Failure to update firmware could be contributing to problems which may mean there's no help for your problem as long as you fail to take good advice offered. What criteria do you use to determine when updates are needed, and has the Sony drive been updated with Sony firmware since you're hesitant to cross flash?
I have a LiteOn external burner that wouldn't burn those same Playos with original firmware and created over 60% coasters with Verbatim 8x -R media. Firmware update on the LiteOn resulted in very good burns with no more coasters on all media tried including the cheap Playos. You may need a firmware update and not ever realize it. Also most drives can be back flashed to previous version if you're unhappy with current version.Case in point that very LiteOn still wouldn't burn the Playos without making many coasters with latest firmware, but flash back to next latest firmware resulted in good burn results on Playos too. Failure to update firmware could be contributing to problems which may mean there's no help for your problem as long as you fail to take good advice offered. I should have already stated in a previous post that I am using the latest firmware.
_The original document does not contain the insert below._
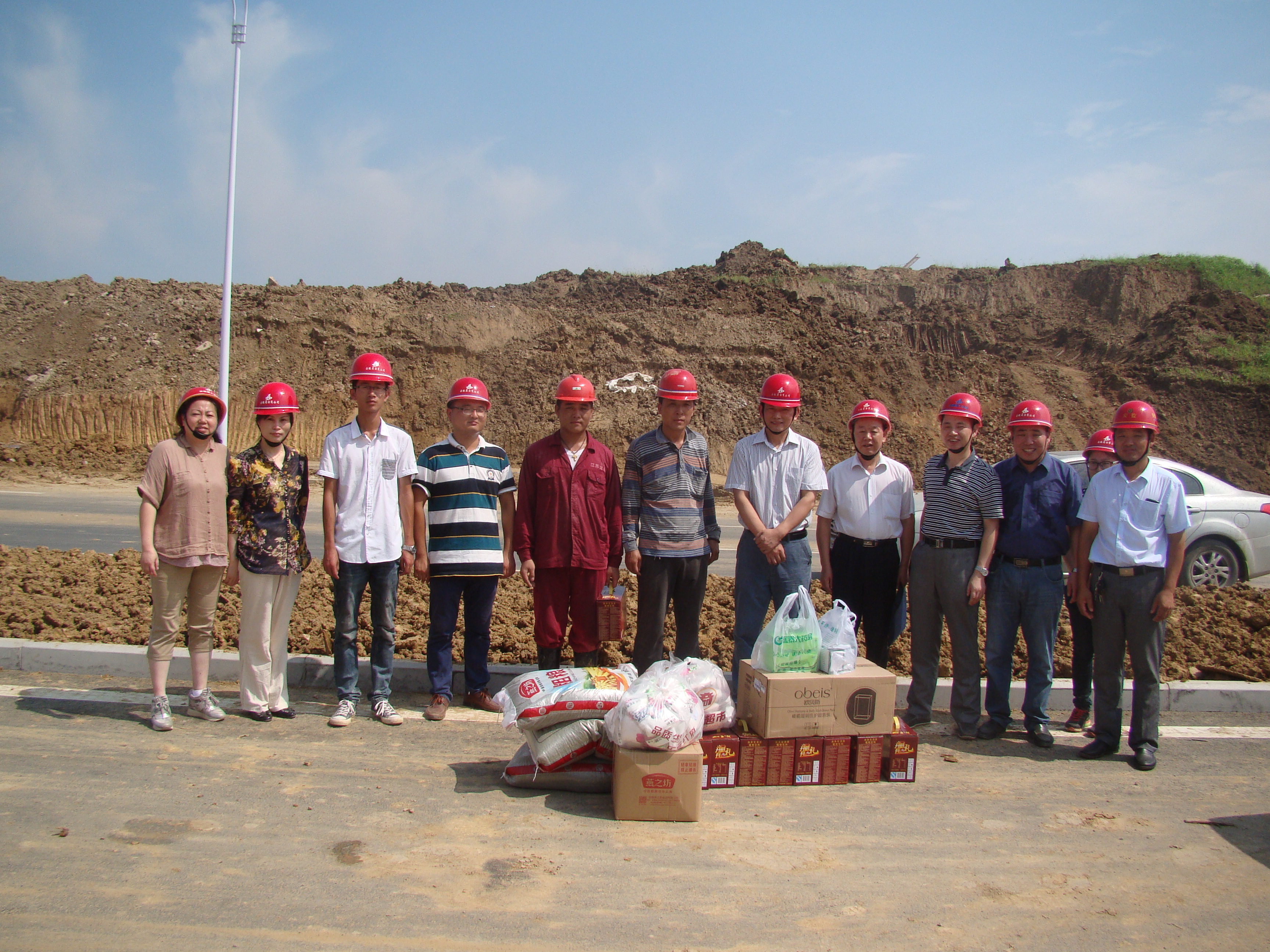 牛書記一行仔細查看了項目施工進展情況,并聽取了第一分公司經(jīng)理陳長征對該項目施工情況的介紹。高溫下,施工現(xiàn)場的蒸汽管道焊接工作仍然緊張有序的開展著,焊接施工人員蹲在將近3米深的坑道內(nèi)作業(yè),狹小的空間、炙熱的太陽、露天的管道,他們的臉上早已滿是汗水,衣服全部濕透。領導們對大家在烈日下?lián)]汗作業(yè)、不畏艱辛的敬業(yè)精神表示贊揚。隨后將綠豆、白糖、藥品、毛巾、洗發(fā)水、飲料等防暑降溫物品分別發(fā)放到一線員工的手中。當牛書記聽說項目現(xiàn)場還有新來大學生時,對大學生進行了問候,并希望大學生們可以在項目上得到鍛煉和成長。

I updated it after probably the 3rd or 4th failed disk burn from like 1.0d to 1.0f. Still a 1.0 version but i would assume that somewhere from b to f they did something different. Reguardless of what the difference from b to f is, it did not solve my problem. I wont cross flash because it seems from reading the posts on it that it is dangerous, and like i've said already.it isnt worth ruining a drive to burn 4x faster.and, first off, I see no point in back flashing it seeing as i did an update from d to f with no change at all in performance or 'coaster' making. Secondly, I would not have replied to the first post directed at my problem if I was not willing to 'take good advice' that is offered to me.
I am always willing to learn and as well always wanting to fix annoying quirks in my hardware. If you are not going to read all of my posts before assuming that I am just not paying attention.then I have no need for your critisism or assistance.edit: (hidden deeply in my original post.or possibly the first line in the second paragraph. Same thing!). Indeed, a good follow-up question!
I was not trying to infer that I had done everything suggested. Just that I was trying. This is a Crappy E-Machines computer that isnt mine. It is my dads. Though when I go to his place, I burn dvd's for him. I have no doubt that the IDE cables need replacing.To be honest I just posted on this page so that the guy who originally posted could try slowing his speed down. I didnt read anywhere that he had tried different speeds than his max speed.
This isnt a problem that any of us here ever cared to solve by having to spend money. Though IDE cables are not that expensive, and an option that I will probably try. And yes, i have cleaned the connectors already. It seems I got slwtx2003 posts confused with that of the OP who didn't say anything about firmware update, and I don't know if the OP resolved his problem since he's not posted after 4/2/07. Latest firmware isn't necessarily best firmware as evidenced by my LiteOn experience in my 6/12 post, and I'd try 1 or 2 other firmwares if I were in slwtx2003's circumstance. It may or may not be the solution, but it couldn't hurt to try it.
BTW I also have a Sony DRU-120C which came with next to latest firmware with which it burns wonderfully, and I'll not update unless problems arise with current firmware.